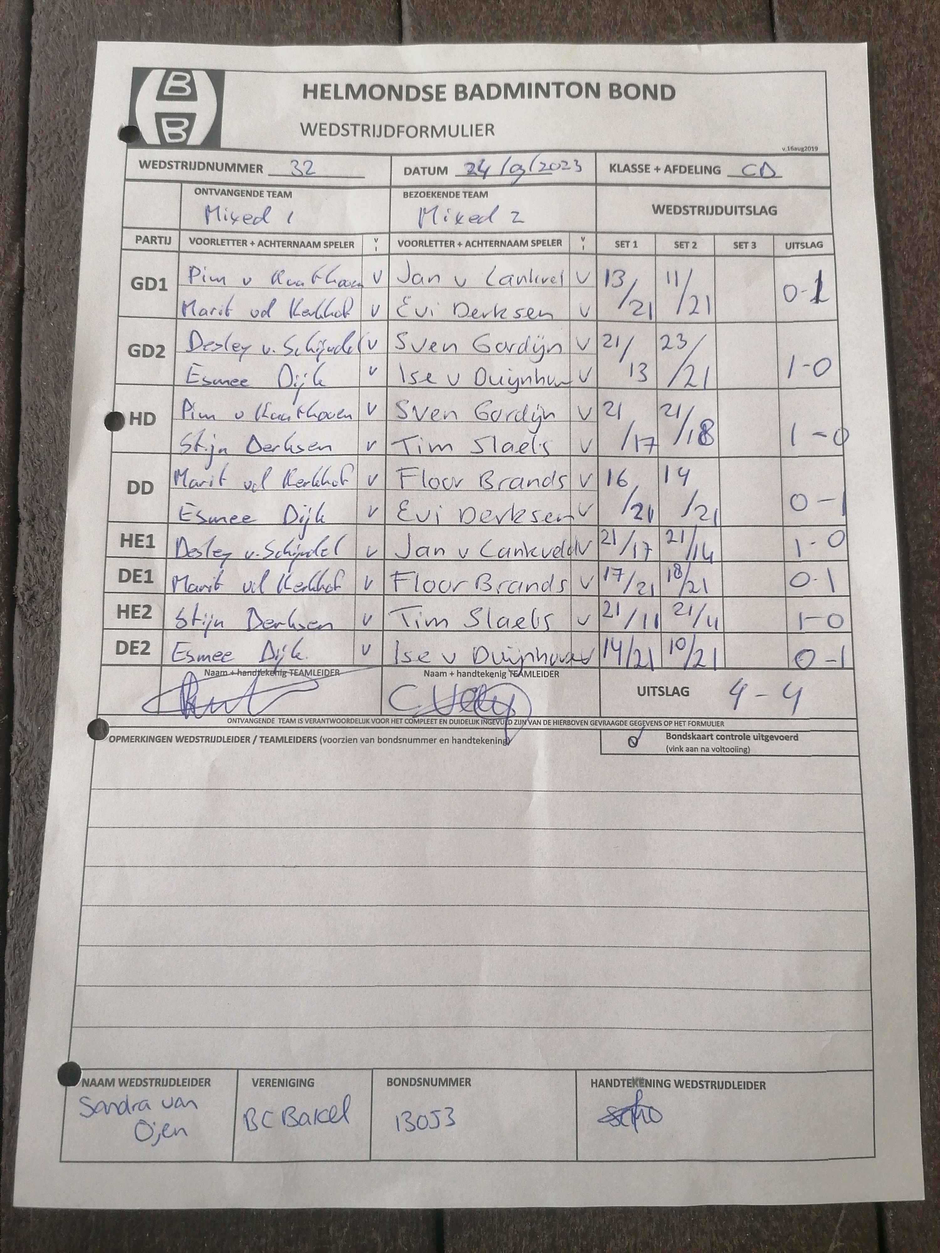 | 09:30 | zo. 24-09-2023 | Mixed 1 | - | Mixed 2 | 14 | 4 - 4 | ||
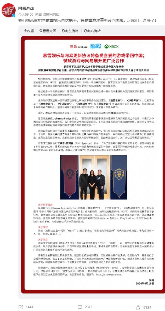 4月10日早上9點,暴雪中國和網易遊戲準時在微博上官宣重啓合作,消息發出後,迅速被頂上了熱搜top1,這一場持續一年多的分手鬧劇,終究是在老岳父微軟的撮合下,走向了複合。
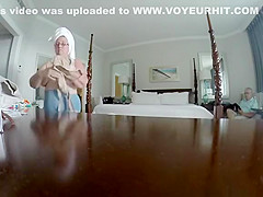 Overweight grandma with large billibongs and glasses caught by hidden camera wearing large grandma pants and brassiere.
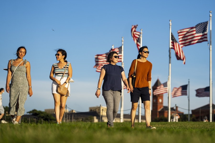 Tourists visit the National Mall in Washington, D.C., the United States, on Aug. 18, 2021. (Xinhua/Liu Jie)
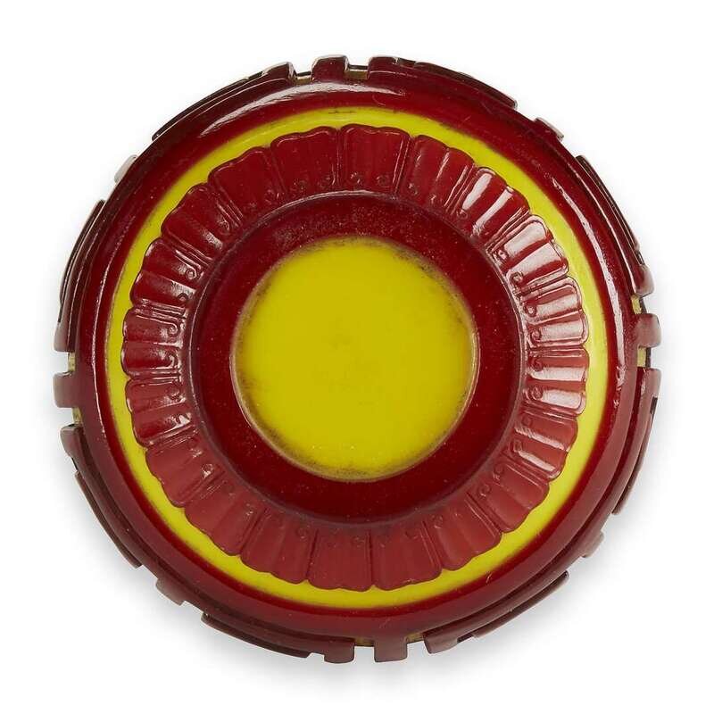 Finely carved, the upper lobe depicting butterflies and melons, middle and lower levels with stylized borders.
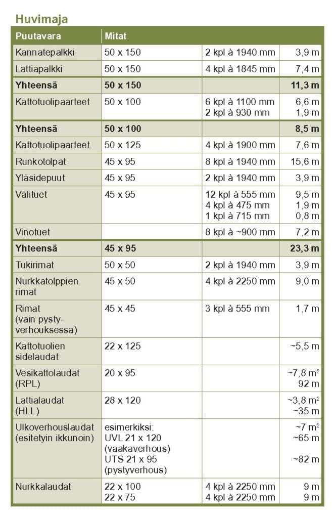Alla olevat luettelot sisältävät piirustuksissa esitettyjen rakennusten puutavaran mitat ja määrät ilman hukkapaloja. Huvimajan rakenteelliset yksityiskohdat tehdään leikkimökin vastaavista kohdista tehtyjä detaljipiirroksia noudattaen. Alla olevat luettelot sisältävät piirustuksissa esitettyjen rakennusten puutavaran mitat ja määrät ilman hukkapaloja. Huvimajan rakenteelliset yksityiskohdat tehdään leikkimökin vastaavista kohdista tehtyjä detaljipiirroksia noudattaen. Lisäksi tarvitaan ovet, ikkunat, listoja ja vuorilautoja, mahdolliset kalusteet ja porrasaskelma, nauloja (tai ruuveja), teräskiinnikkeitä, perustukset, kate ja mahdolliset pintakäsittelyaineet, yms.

────────

* Action item
Line by line, reproduce the material above exactly, leaving each picture out.

* Problem solution
 | 09:30 | zo. 24-09-2023 | Mixed 1 | - | Mixed 2 | 14 | 4 - 4 | ||
 4月10日早上9點,暴雪中國和網易遊戲準時在微博上官宣重啓合作,消息發出後,迅速被頂上了熱搜top1,這一場持續一年多的分手鬧劇,終究是在老岳父微軟的撮合下,走向了複合。
 Overweight grandma with large billibongs and glasses caught by hidden camera wearing large grandma pants and brassiere.
 Tourists visit the National Mall in Washington, D.C., the United States, on Aug. 18, 2021. (Xinhua/Liu Jie)
 Finely carved, the upper lobe depicting butterflies and melons, middle and lower levels with stylized borders.
Alla olevat luettelot sisältävät piirustuksissa esitettyjen rakennusten puutavaran mitat ja määrät ilman hukkapaloja. Huvimajan rakenteelliset yksityiskohdat tehdään leikkimökin vastaavista kohdista tehtyjä detaljipiirroksia noudattaen. Alla olevat luettelot sisältävät piirustuksissa esitettyjen rakennusten puutavaran mitat ja määrät ilman hukkapaloja. Huvimajan rakenteelliset yksityiskohdat tehdään leikkimökin vastaavista kohdista tehtyjä detaljipiirroksia noudattaen. Lisäksi tarvitaan ovet, ikkunat, listoja ja vuorilautoja, mahdolliset kalusteet ja porrasaskelma, nauloja (tai ruuveja), teräskiinnikkeitä, perustukset, kate ja mahdolliset pintakäsittelyaineet, yms.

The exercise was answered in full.